Simulation as Supervision: Mechanistic Pretraining for Scientific Discovery

Scientific modeling faces a tradeoff between the interpretability of mechanistic theory and the predictive power of machine learning. While existing hybrid approaches have made progress by incorporating domain knowledge into machine learning methods as functional constraints, they can be limited by a reliance on precise mathematical specifications. When the underlying equations are partially unknown or misspecified, enforcing rigid constraints can introduce bias and hinder a model's ability to learn from data. We introduce Simulation-Grounded Neural Networks (SGNNs), a framework that incorporates scientific theory by using mechanistic simulations as training data for neural networks. By pretraining on diverse synthetic corpora that span multiple model structures and realistic observational noise, SGNNs internalize the underlying dynamics of a system as a structural prior. We evaluated SGNNs across multiple disciplines, including epidemiology, ecology, social science, and chemistry. In forecasting tasks, SGNNs outperformed both standard data-driven baselines and physics-constrained hybrid models. They nearly tripled the forecasting skill of the average CDC models in COVID-19 mortality forecasts and accurately forecasted high-dimensional ecological systems. SGNNs demonstrated robustness to model misspecification, performing well even when trained on data with incorrect assumptions. Our framework also introduces back-to-simulation attribution, a method for mechanistic interpretability that explains real-world dynamics by identifying their most similar counterparts within the simulated corpus. By unifying these techniques into a single framework, we demonstrate that diverse mechanistic simulations can serve as effective training data for robust scientific inference.
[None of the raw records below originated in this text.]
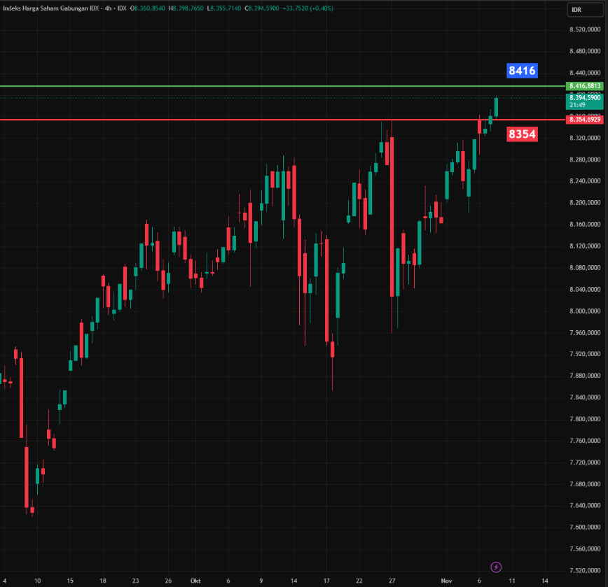 Setelah berhasil breakout dan tutup di atas resist 8354, minggu ini IHSG masih berpotensi melanjutkan penguatan dengan target 8416. Sentimen ekonomi domestik yang positif turut menopang prospek tersebut, didukung oleh data PMI manufaktur yang terus ekspansif, pertumbuhan ekonomi kuartal III yang melampaui ekspektasi, serta neraca perdagangan yang tetap mencatat surplus selama lebih dari 65 bulan berturut-turut. Stabilitas pasar obligasi nasional dan penurunan yield SBN ke level 5,9% juga meningkatkan kepercayaan investor dan memperkuat outlook pasar ekuitas. Dari sisi aliran dana, optimisme terhadap kinerja emiten besar pada kuartal IV dan respons positif atas laporan keuangan kuartal III menjadi katalis bagi minat beli, sementara dana domestik diperkirakan tetap menjadi penggerak utama seiring stabilitas makro dan potensi penurunan suku bunga BI. Secara eksternal, penguatan bursa global, terutama rebound saham teknologi di AS, menambah dukungan bagi IHSG, ditambah dengan meredanya ketegangan geopolitik dan sikap dovish The Fed yang menjaga selera risiko terhadap pasar emerging seperti Indonesia.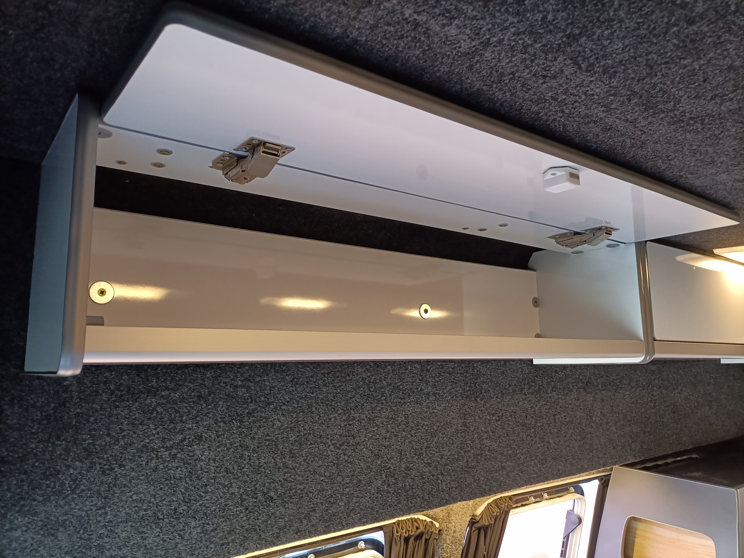 ⦁ KitlineDesign.com Mercedes Sprinter overhead lockers custom scribed to the high top roof angle.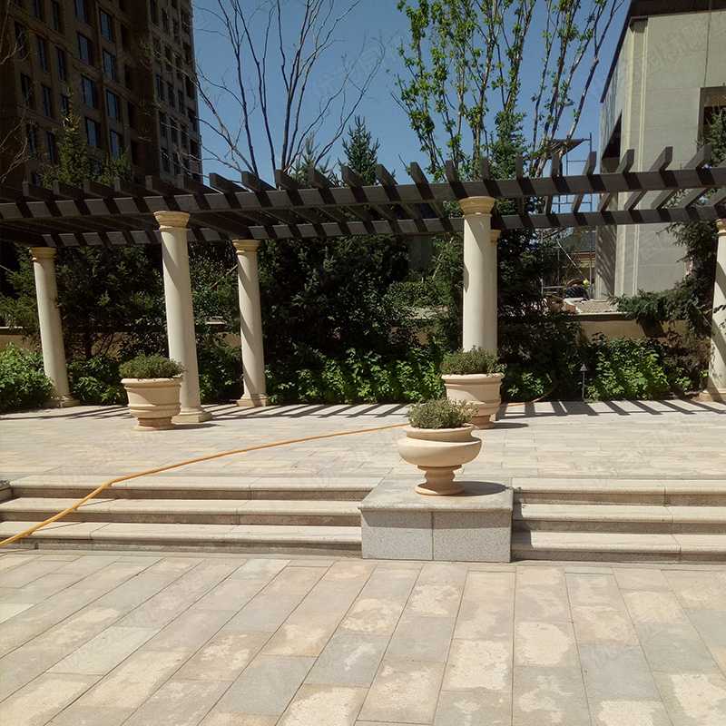 高端天然大理石——進口埃及米黃大理石,項目包括兩個大型大理石噴泉,40余個大理石花盆,18根羅馬柱,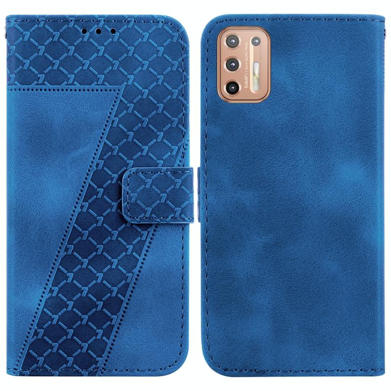 For Motorola Moto G9 Plus Seven-shaped Embossed Leather Phone Case(Blue)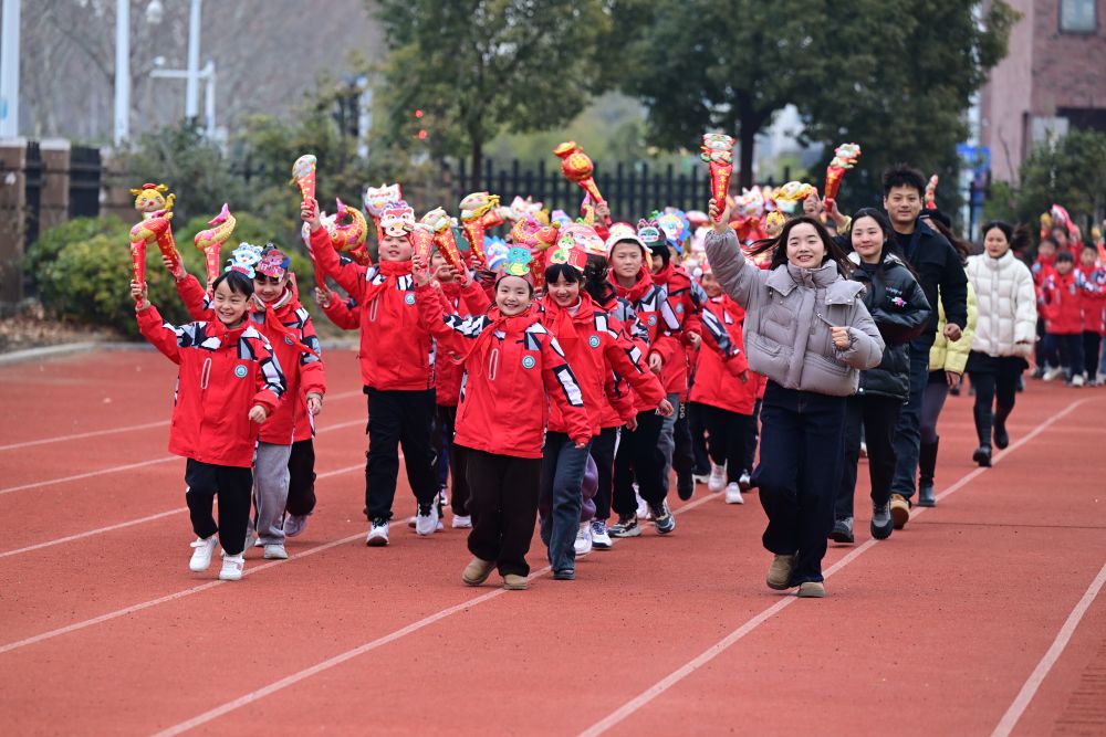 2025年2月14日,安徽省合肥市園上園小學(xué)喻崗分校師生在開學(xué)典禮上進(jìn)行“貪吃蛇”接力跑活動(dòng)。新華社記者 周牧 攝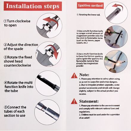 Akár természetjárásra, hosszabb kempingezésre a vadonban, nyári gyermektáborozásra vagy esetleg horgászatra indulsz, a Merco Scout Extra multifunkcionális összecsukható lapát jó szolgálatot tesz majd. A lapát rozsdamentes acélból készült, így nagyon strapabíró, ugyanakkor kihajtva minimális helyet foglal, és könnyen becsomagolhatod akár egy kisebb hátizsákba is. Súlya csomagolással együtt mindössze 990 g. Az egyes funkciók meglepnek és izgalomba hoznak. A klasszikus lapát vagy ásó funkció mellett, amelynek maximális nyélhossza 68 cm, a lapátot kapaként is használhatod a nyél menetének meglazításával és a fej 90 fokkal történő elforgatásával. A fej egyik oldalán található recézettségnek és a másik oldalon lévő csiszolt élnek köszönhetően a lapát fűrészként vagy húsvágóként is használható. A lapát fején lévő kivágás üveg- vagy konzervnyitóként szolgál. A nyél 4 részből áll, amelyeket könnyen és szorosan összecsavarozhatsz. A nyél különálló részéhez egy fűrésszel és nyitóval ellátott multifunkcionális kés van csavarozva. Amikor a kés nincs használatban, biztonsági okokból egyszerűen elrejtheted a lapátnyél másik részébe csavarozva. A nyél vége hegyes acélheggyel van ellátva, amellyel például üveget, jeget vagy más vékonyabb és törékenyebb anyagokat törhetsz. A vége lecsavarása után egy hosszabbítót találsz síppal és egy rövid pálcát kis mennyiségű magnéziumporral. Ha ezt a pálcát a kés pengéjéhez dörzsölöd, a meggyújtott szikráknak köszönhetően vésztüzet rakhatsz. A csomag tartalmaz egy textil huzatot a lapátfejhez és egy poliészter tokot a nyél két részéhez és a késhez. A Merco Scout Extra összecsukható lapáttal nem kell aggódnod a természetben való tartózkodás buktatói miatt. A Merco Scout Extra lapát jellemzői: - állítható nyélhosszúságú lapát vagy ásó - fűrész - aprító - kapa - nyitó - kés fűrésszel és nyitóval - síp - kalapács hegygel törékeny anyagok aprításához - kovakő tűzgyújtáshoz A csomag tartalma és paraméterei: - 1 x lapátfej csavaros véggel (fej mérete: hosszúság x szélesség: 17 x 13 cm). - 4 x nyél csavarozható része (1 rész hossza: 18 cm, átmérő: 27 mm). - Összecsukható nyél maximális hossza: 68 cm - 1 x csavaros tartozék multifunkciós késsel. - 1 x csavaros hegy heggyel. - 1 x síp. - 1 x magnéziumporral dúsított pálca (hossz 32 mm), kovakőként szolgál tűzgyújtáshoz. - 1 x pengefej tok. - 1 x tok a nyél 2 részéhez és a késhez (szélesség x hosszúság: 13 x 23 cm). - Anyag: rozsdamentes acél, poliészter. - Az összes alkatrész össztömege, beleértve a tokokat is: 990 g - Csomag mérete: 26 x 15 x 5 cm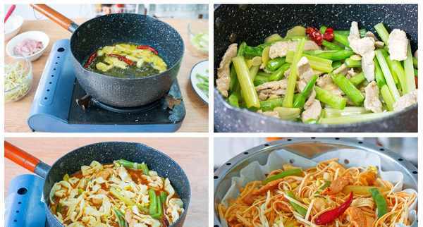 12、蒸面条的时间我们刚好来炒菜,起锅倒油,油热下生姜大蒜干辣椒爆香,然后把肉片加进来炒,肉不用炒太久,容易老,炒至发白即可,这样比较嫩;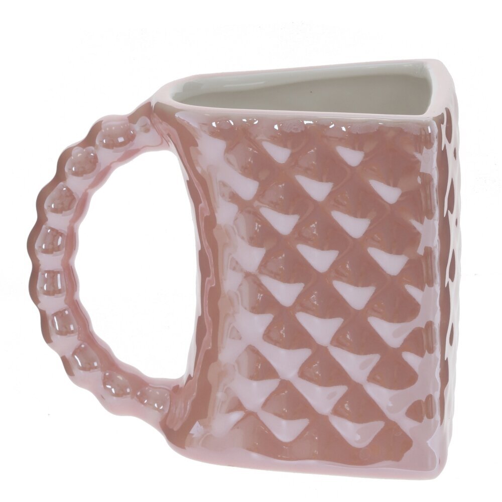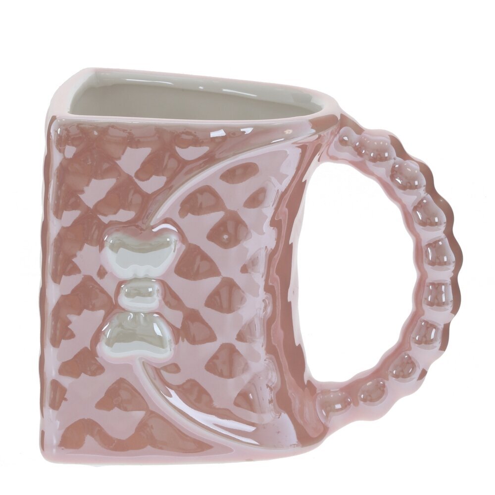 Оригинальная кружка из высококачественного фарфора объёмом 400 мл станет ярким акцентом на вашем столе. Необычная квадратная форма и рельефный узор придают изделию стильный и слегка игрушечный вид. Нежный розовый цвет с глянцевой глазурью выгодно подчёркивается контрастной белой внутренней поверхностью и декоративными «бантиками» на корпусе. Фигурная ручка с объёмными элементами удобно лежит в руке и не скользит. Кружка подойдёт для чая, кофе, какао и других горячих напитков, станет милым подарком и украшением любой кухни или рабочего стола.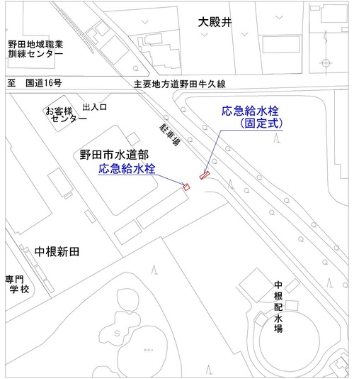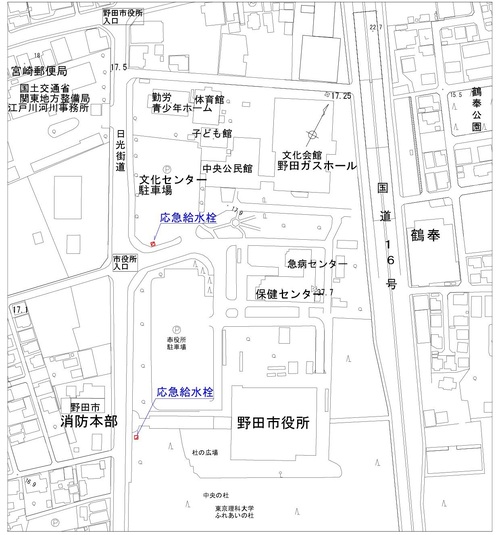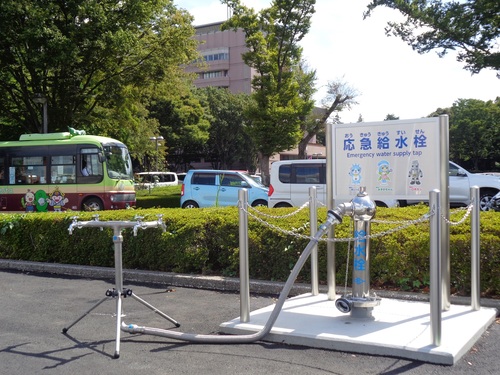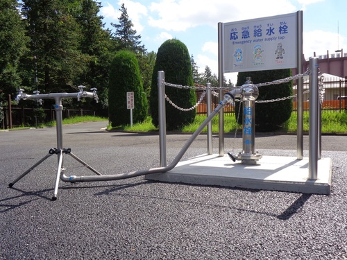 水道部では大規模な地震などの災害時用に野田市文化センター駐車場・市役所正面玄関入口付近・水道部の中根配水場内に応急給水栓を整備しました。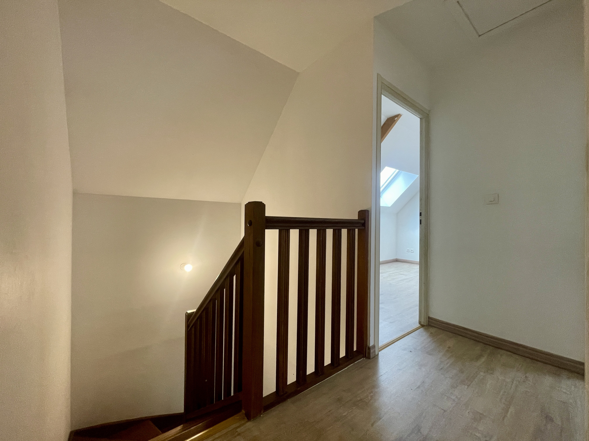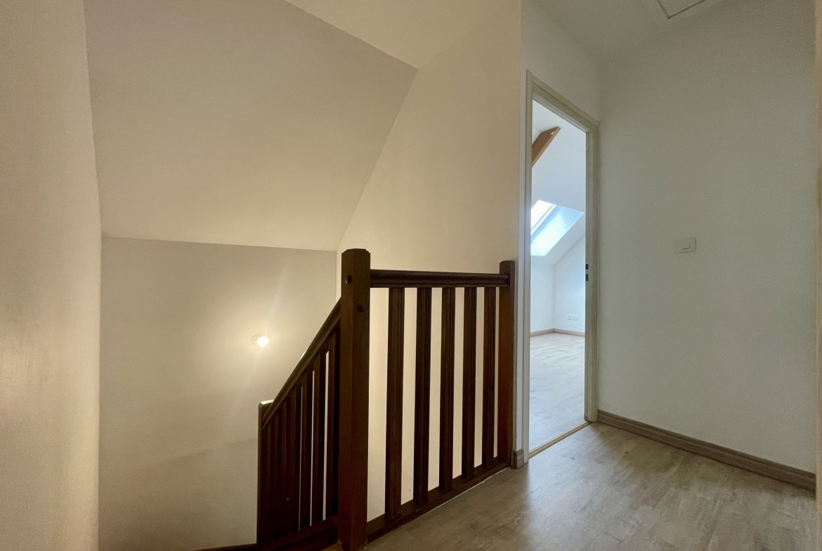 À l’étage, vous y trouverez un palier desservant 3 grandes chambres et une salle de bains avec WC.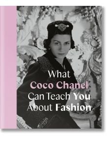 Корицата на "На какво може да ви научи Коко Шанел за модата" е със стилна черно-бяла снимка на жена в елегантно облекло и с шапка, а думите "Коко Шанел" и "Мода" са подчертани в розово за творческо вдъхновение.
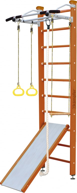 Домашний спортивный комплекс Kampfer Ride Ceiling это новинка на основе одной из самых популярных моделей из линейки деревянных ДСК Kampfer в цветовой гамме на выбор, что позволяет подобрать нужный оттенок под дизайн помещения. Модель Kampfer Ride включает в себя классическую шведскую стенку, металлический турник и набор из самых популярных навесных аксессуаров канат, кольца, трапецию, а также новинку двухсторонний скат-скалолаз. Крепкий металлический турник выдерживает нагрузку до 120 кг, подходит как детям так и взрослым. Навесное оборудование Kampfer на прочных тросах выдерживает нагрузку до 100 кг. Особенностью шведской стенки Kampfer Ride является двух сторонний скат-скалолаз имеющий с одной стороны гладкую поверхность, а с другой несколько деревянных зацепов. Малышам очень нравится - лазить по скалолазу и скатываться с мини-горки. Скат-скалолаз подходит для детей в возрасте от 7 месяцев до 4 лет, устанавливается на ступени шведской стенки и выдерживает максимальную нагрузку до 50 кг.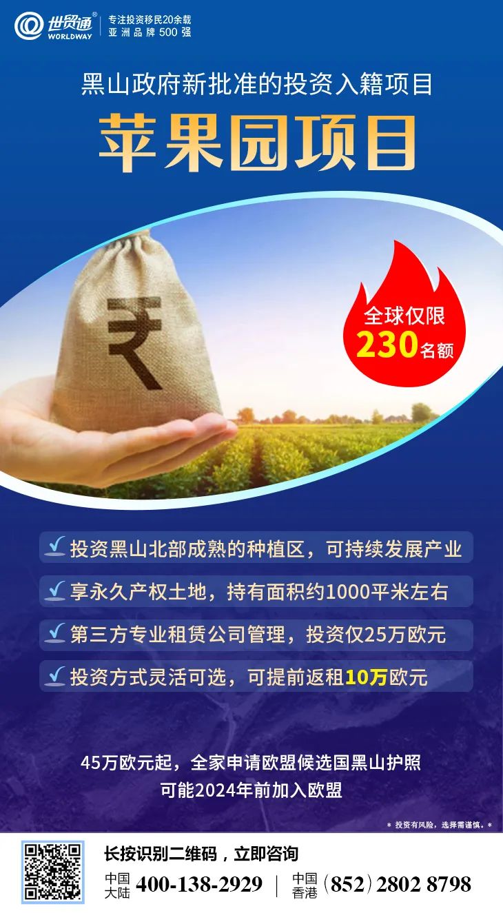重大好消息!世贸通集团向广大投资者隆重推介的——黑山政府新批准的投资入籍项目「苹果园项目」,位于黑山北部普列夫利亚市成熟的种植区,属于可持续发展产业。投资仅需25万欧元,可持有约1000 平米左右的永久产权的苹果园种植土地,苹果园开发种植时间最晚不超过2024年,投资方式灵活可选,可提前返租10万欧元。项目仅限230个投资名额,先到先得!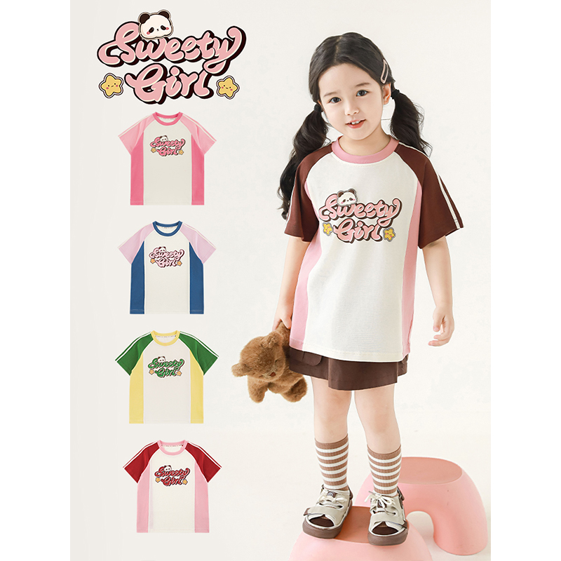 幼悠 女童中长款字母印花短袖夏季元气可爱高弹透气撞色拼接T恤潮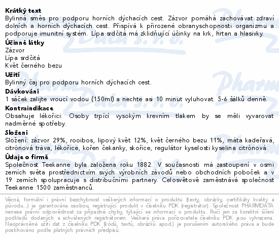 Bylinná směs pro podporu horních dýchacích cest. Zázvor pomáhá zachovávat zdraví dolních a horních dýchacích cest. Přispívá k přirozené obranyschopnosti organizmu a podporuje imunitní systém. Lípa srdčitá má zklidňující účinky na krk, hrtan a hlasivky.

翻译：科学建模面临着机制性理论的可解释性与机器学习预测能力之间的权衡。现有混合方法通过将领域知识作为函数约束融入机器学习方法已取得进展，但可能因依赖精确的数学规范而受限。当基础方程部分未知或存在错误设定时，施加刚性约束会引入偏差并阻碍模型从数据中学习的能力。我们提出仿真接地神经网络（SGNNs），该框架通过使用机制性仿真作为神经网络的训练数据来融入科学理论。通过在涵盖多种模型结构和现实观测噪声的多样化合成语料库上进行预训练，SGNNs将系统的内在动态内化为结构先验。我们在流行病学、生态学、社会科学和化学等多个学科中评估了SGNNs。在预测任务中，SGNNs的表现优于标准数据驱动基线模型和物理约束混合模型。在COVID-19死亡率预测中，SGNNs近乎将美国疾病控制与预防中心（CDC）模型的平均预测技能提高了三倍，并准确预测了高维生态系统。SGNNs展现出对模型错误设定的鲁棒性，即使使用带有错误假设的数据进行训练，也能表现良好。我们的框架还引入了“回仿指标注”方法，这是一种机制性可解释性方法，通过识别真实世界动态在仿真语料库中最相似的对应物来解释其动态。通过将这些技术统一到单一框架中，我们证明了多样的机制性仿真可作为有效训练数据，用于稳健的科学推断。